保育士が「保育の専門家」として成長するためには、目標を設定したうえで自己評価や振り返りを行うことが大切です。しかし、保育士は経験年数によって求められる役割やスキルが異なるため、「自分に合った目標がどういったものかわからない」という方も多いのではないでしょうか。
そこで今回は、保育士にとって目標設定が重要な理由や、保育士に期待される役割、目標の例文などを紹介します。自分に合った目標の立て方を知りたい方は、参考にしてください。
なぜ保育士は「目標設定」が重要なのか?

保育士としてスキルアップするためには、自分なりの「目標設定」が欠かせません。目標には次の3つがあります。
| 短期的目標 | ・2~3か月程度で達成可能な目標 (まずクリアしたい身近な目標) |
| 中期的目標 | 1年程度で達成可能な目標 (現状のスキルと将来像をつなぐための目標) |
| 長期的目標 | 3~5年程度で達成可能な目標 (将来たどりつきたい具体的な目標) |
モチベーションを保ち、やりがいを感じて仕事を続けるためには、目標を設定して具体的な行動に結びつけることが大切です。目標を設定した後は、「どこまで達成できたか」「次の目標は何か」などの自己評価を行うことで、さらなるステップアップを図りましょう。

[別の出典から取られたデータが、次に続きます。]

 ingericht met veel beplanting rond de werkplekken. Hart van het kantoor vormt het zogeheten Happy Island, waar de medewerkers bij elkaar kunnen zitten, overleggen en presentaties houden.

以下では、保育士にとって目標設定が重要な理由を解説します。
自分の課題を見つけやすくなる
目標を立てると、保育士として不足している点や、改善すべき点を客観的に見ることができます。また、目標の達成を目指して仕事と向き合うと、苦手分野・得意分野も見つけやすくなります。子どもたちへの対応や事務処理といった普段の業務のなかでも、苦手分野の対処法や得意分野の伸ばし方などを意識して、スキルアップにつなげていきましょう。

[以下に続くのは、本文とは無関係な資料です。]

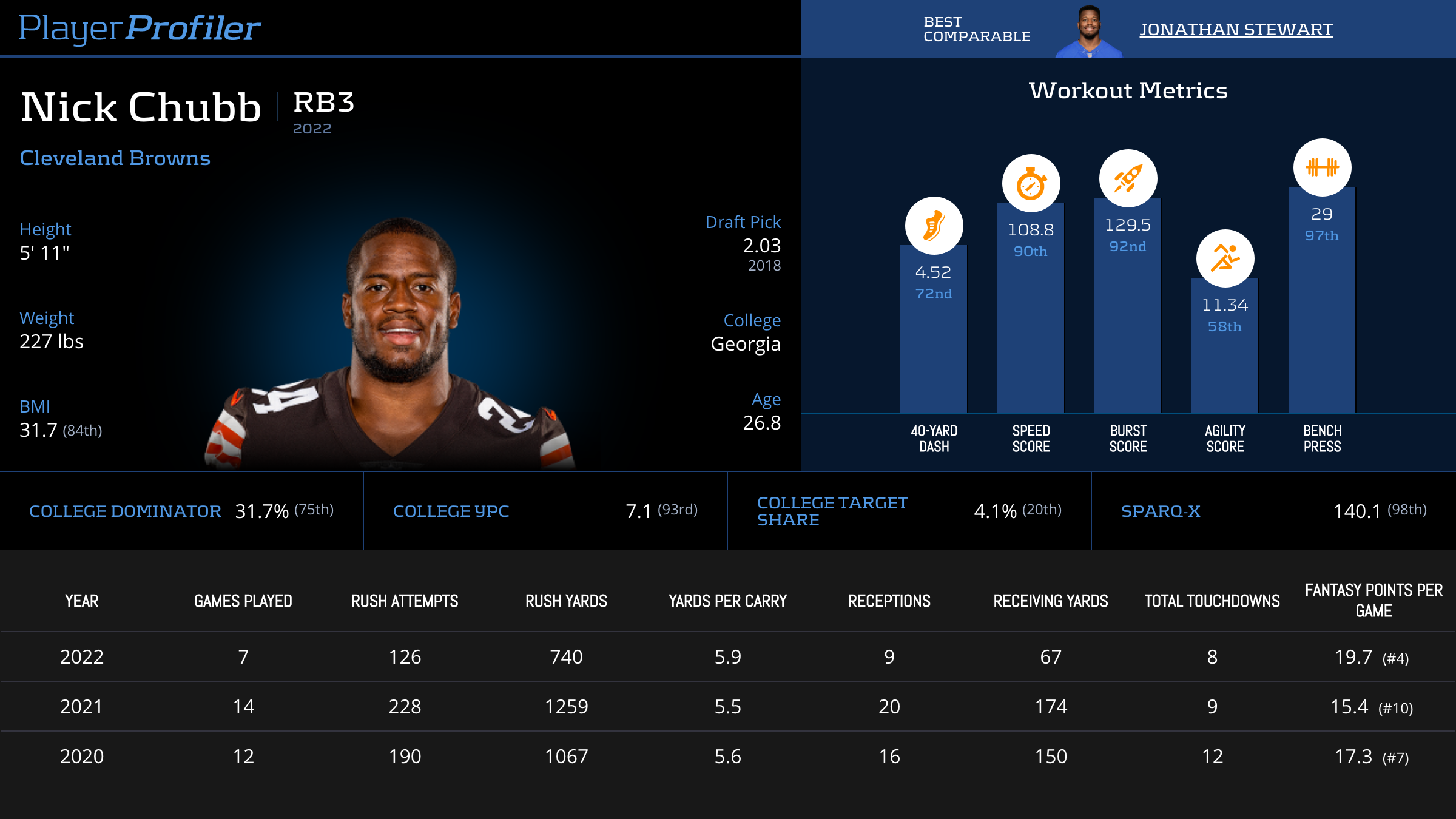 Nick Chubb Advanced Stats & Metrics Profile

目標を達成すれば、自信だけでなく経験やノウハウも身につきます。それによってトラブルや失敗を避けやすくなれば、日々の仕事にも余裕が生まれるでしょう。
モチベーションの向上につながる
設定した目標を達成すると、自分の成長を実感できるため、モチベーションが格段にアップします。
保育士として働くなかには、業務量の多さや体力を使う活動の多さ、安全対策への配慮など、心身に負担がかかる要素がたくさんあります。そのため、モチベーションを保ちながら仕事を続けるのは、決して簡単ではありません。
しかし、短期的な目標を設定して、達成感や成功体験を積み上げていくと、自然にモチベーションも高くなります。
自己評価の機会が増える
目標を設定した後は、立てた目標をどれほど達成できたのか、自己評価を行う必要があります。自分は何が達成できて、何が達成できなかったのかを振り返り、次のステップに役立てましょう。
自己評価のタイミングは、中期的目標・長期的目標なら3か月に1回程度、短期的目標の場合は1週間に1回がおすすめです。短期間で振り返りをし、目標を修正することで、中期的目標や長期的目標も達成しやすくなります。
後輩の育成指導に役立つ
設定した目標は、後輩を指導するときの目安としても役立ちます。勤続年数が長くなると、後輩の育成指導を任される場面も出てきますが、育成指導が初めてだと「何を指導してよいのか」「何を目指せばよいのか」がわからない可能性があります。しかし、新人のときに自らの目標設定をしておけば、それを参考に後輩が一人前になるまでのプロセスを考えられるはずです。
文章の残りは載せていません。